Task brief: Every line from the one containing "To alleviate the" to the one containing "คือการตอกไข่ใส" in the records below, both included, must be set down exactly, and no other line.

Information shown:
+++++

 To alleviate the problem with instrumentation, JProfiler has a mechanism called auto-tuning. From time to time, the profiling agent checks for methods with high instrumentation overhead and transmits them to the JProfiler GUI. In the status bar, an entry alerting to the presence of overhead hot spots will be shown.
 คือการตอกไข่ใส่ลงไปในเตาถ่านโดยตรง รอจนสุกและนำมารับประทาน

+++++

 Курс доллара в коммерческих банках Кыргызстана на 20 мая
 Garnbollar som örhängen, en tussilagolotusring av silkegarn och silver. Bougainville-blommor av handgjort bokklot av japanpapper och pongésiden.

+++++

Task result:
 To alleviate the problem with instrumentation, JProfiler has a mechanism called auto-tuning. From time to time, the profiling agent checks for methods with high instrumentation overhead and transmits them to the JProfiler GUI. In the status bar, an entry alerting to the presence of overhead hot spots will be shown.
 คือการตอกไข่ใส่ลงไปในเตาถ่านโดยตรง รอจนสุกและนำมารับประทาน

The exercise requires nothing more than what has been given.